Aside from pointing internationally recognized hand gestures at the National Marine Fisheries Service, recreational fishermen and the marine dealers that serve them need to say “enough is enough” and exert pressure on Congress to make changes in the way saltwater fisheries are managed.

This isn’t the first time federal regulations on red snapper, one of the Gulf of Mexico's most popular sport- and table fish, have drawn fire. But this year, the National Marine Fisheries Service has that announced recreational anglers in the Gulf are being gifted a whopping three days (roll of the eyes) to catch one in federal waters. Seems the feds think that we pleasure anglers are like harp seals ready for clubbing.

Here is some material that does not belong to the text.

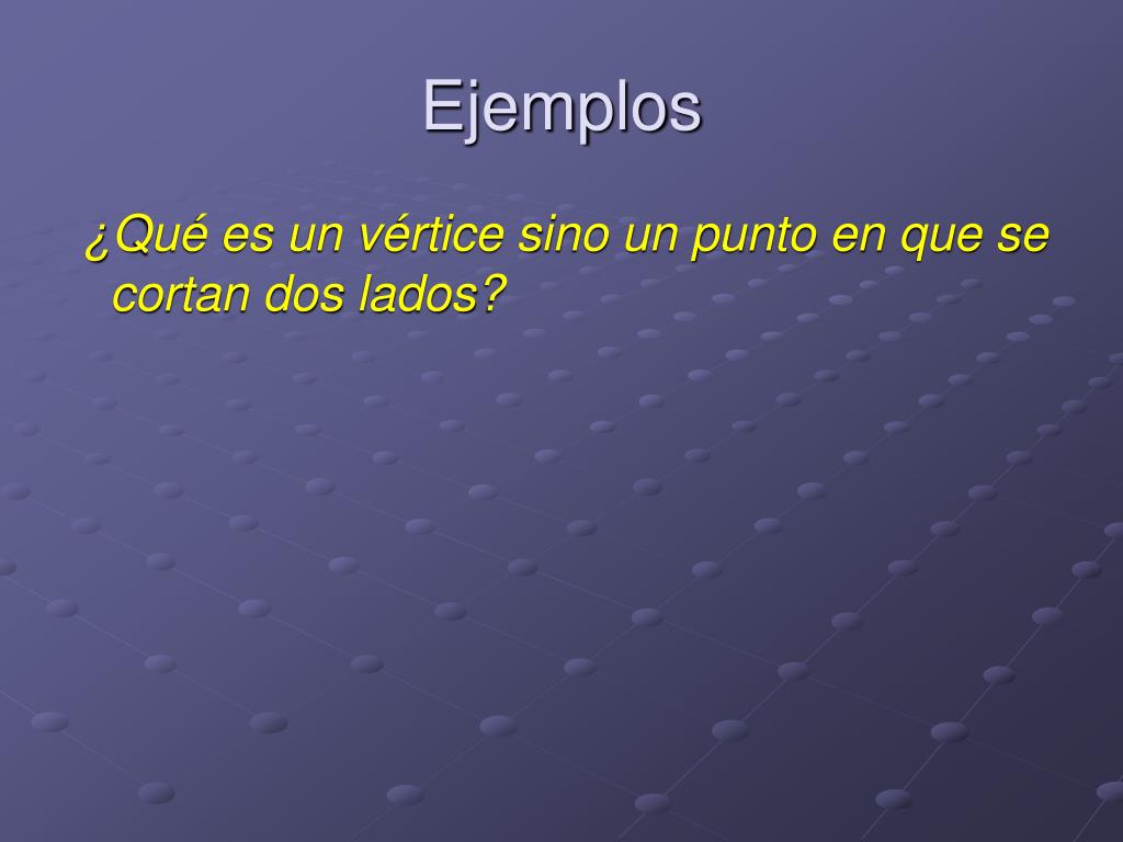 Ejemplos ¿Qué es un vértice sino un punto en que se cortan dos lados?

The federal three-day red snapper season for recreational anglers will be the shortest in history, beginning June 1. If you’re a charterboat business, however, you’ll have a 49-day season. Now that’s a sensible policy if you want to look as expert in fish management as Elmer Fudd in hunting rabbits.

The fact is that good state and university data clearly shows a plentiful stock of red snapper in the Gulf. Indeed, anglers have trouble keeping red snapper off the hook when fishing for other species, evidence enough that the outdated management methods of the National Marine Fisheries Service continue to miss the mark. But the National Marine Fisheries Service, using the SWAG (Scientific Wild Ass Guess) method claims recreational anglers went 25 percent over last year's quota for red snapper.

Let’s get real here. If we drill down on this issue, the biggest factor to this year’s ridiculous three-day season could very well be that the Gulf states have refused to go along with the fed’s edicts. Texas and Florida have led the way in setting their own seasons, allowing anglers to harvest red snapper in state waters for months longer than the feds. Louisiana, Alabama and Mississippi followed, enacting much longer state seasons than the federal season, thus blowing raspberries at the so-called science employed by the feds.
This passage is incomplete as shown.